本編前に、少しお知らせです。このBlogについてのご意見・ご感想をいただくチャネルとして、今はコメントとトラックバックというチャネルがあるわけですが、いずれも第3者に対してパブリックな経路なので、内容によっては多少なりとも心理的バリアがあると思います。そこで、新たにメールアドレスをチャネルに追加しました。ここに送られたメールは編集部と私に届きますので、お気軽にどうぞ。

抽象化された設計図は工学の基礎

IT業界には、ソフトウェア工学という分野があると言われている。これは主としてソフトウェアの生産性・品質・再利用性などに関する様々なアプローチを総称するものであり、これまでにも論文や書籍が山ほど書き上げられてきたが、どれひとつとっても「工学」と呼ぶには躊躇してしまうようなシロモノばかりである。

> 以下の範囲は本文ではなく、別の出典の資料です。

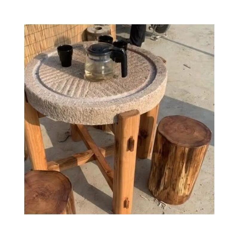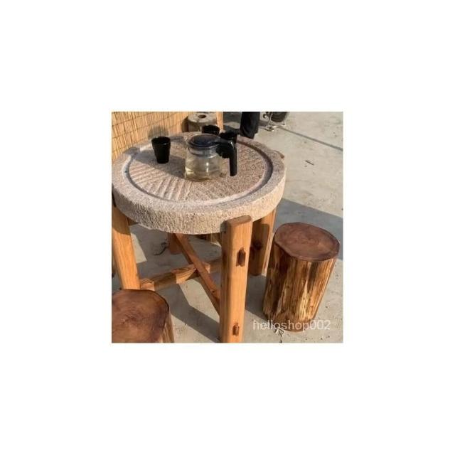 可開發票 工廠直銷 石磨茶盤茶臺桌子老磨盤舊石器茶託茶具木架磨片石桌石凳組閤擺件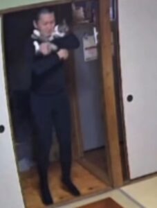 @gesshokutohirumaさんは、ペットカメラで猫ちゃんたちの様子を確認するのが日課だといいます。ある日、いつものように映像をチェックしていると、画面に映った旦那さんの姿が…。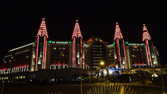 Das Hotel leuchtet in verschiedenen Farben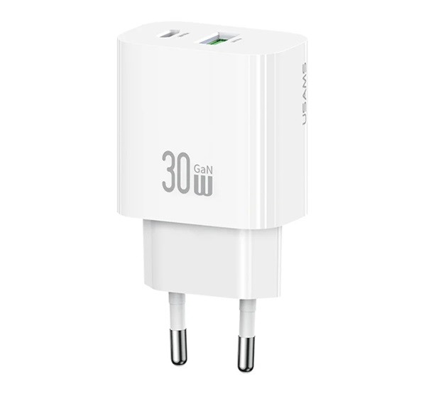 USAMS T65 hálózati töltő USB+Type-C aljzat (30W, PD gyorstöltő) FEHÉR

なにしろ、ソフトウェア工学とやらの世界でベストセラーになる書籍といえば「やる気こそ成功の鍵」のような精神論的なものか、失敗談やジンクスのようなものが沢山載っている訓話集のような具体的なものばかりである。実際、こういった書籍のいくつかにはそれなりに面白くて価値があることも多いが、逆にアカデミックなアプローチを試みたものとなるとほぼ例外なく読むに値しない。

工学というものが応用・展開・生産のパラダイムである以上、ある対象を「工学する」という場合、その対象を抽象化した設計図を書くことができるはずである。例えば土木建築から航空機に至るまでのハードウェア工学では、CAD/CAMに代表される幾何学を基礎とした設計ツールを用いて設計図を作成し、質量や電位といった物理モデルを与えてシミュレーションすることができる。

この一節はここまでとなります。